Please repeat, exactly and without pictures, the lines of the entries below that run from the one containing "Confeccionada em malha" through the one containing "Day one, I couldn’t".

RAW DATA =>
────
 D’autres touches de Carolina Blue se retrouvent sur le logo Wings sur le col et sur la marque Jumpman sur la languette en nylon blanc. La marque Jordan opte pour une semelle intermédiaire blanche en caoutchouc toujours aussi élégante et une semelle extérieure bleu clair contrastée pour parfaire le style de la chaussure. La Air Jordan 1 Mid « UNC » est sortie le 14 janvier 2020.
────
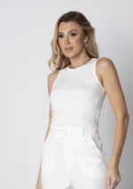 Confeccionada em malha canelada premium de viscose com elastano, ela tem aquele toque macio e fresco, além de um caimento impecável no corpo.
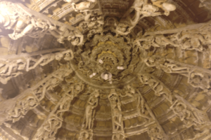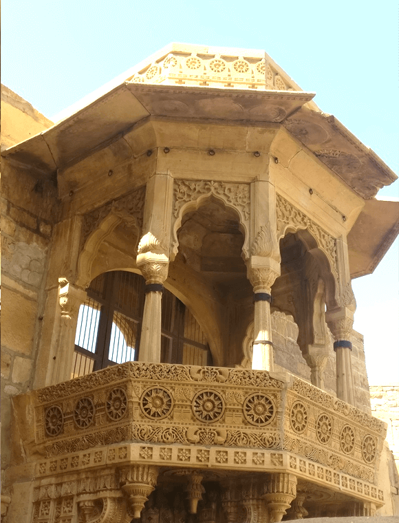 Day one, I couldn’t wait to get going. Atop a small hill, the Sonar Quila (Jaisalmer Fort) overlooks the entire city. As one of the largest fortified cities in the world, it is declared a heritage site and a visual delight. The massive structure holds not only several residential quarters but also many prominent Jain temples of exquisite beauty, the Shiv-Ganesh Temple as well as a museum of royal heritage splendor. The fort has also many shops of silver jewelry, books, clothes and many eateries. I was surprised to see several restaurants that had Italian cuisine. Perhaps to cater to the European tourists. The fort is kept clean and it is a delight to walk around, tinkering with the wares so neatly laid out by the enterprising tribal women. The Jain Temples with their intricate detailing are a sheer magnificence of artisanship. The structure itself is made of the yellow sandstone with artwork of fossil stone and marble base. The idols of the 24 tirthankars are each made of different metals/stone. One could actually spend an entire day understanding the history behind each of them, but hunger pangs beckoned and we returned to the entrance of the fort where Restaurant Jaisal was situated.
────
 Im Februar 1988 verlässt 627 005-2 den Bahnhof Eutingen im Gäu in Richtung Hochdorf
────
RESPONSE TO THE TASK =>
 Confeccionada em malha canelada premium de viscose com elastano, ela tem aquele toque macio e fresco, além de um caimento impecável no corpo.
 Day one, I couldn’t wait to get going. Atop a small hill, the Sonar Quila (Jaisalmer Fort) overlooks the entire city. As one of the largest fortified cities in the world, it is declared a heritage site and a visual delight. The massive structure holds not only several residential quarters but also many prominent Jain temples of exquisite beauty, the Shiv-Ganesh Temple as well as a museum of royal heritage splendor. The fort has also many shops of silver jewelry, books, clothes and many eateries. I was surprised to see several restaurants that had Italian cuisine. Perhaps to cater to the European tourists. The fort is kept clean and it is a delight to walk around, tinkering with the wares so neatly laid out by the enterprising tribal women. The Jain Temples with their intricate detailing are a sheer magnificence of artisanship. The structure itself is made of the yellow sandstone with artwork of fossil stone and marble base. The idols of the 24 tirthankars are each made of different metals/stone. One could actually spend an entire day understanding the history behind each of them, but hunger pangs beckoned and we returned to the entrance of the fort where Restaurant Jaisal was situated.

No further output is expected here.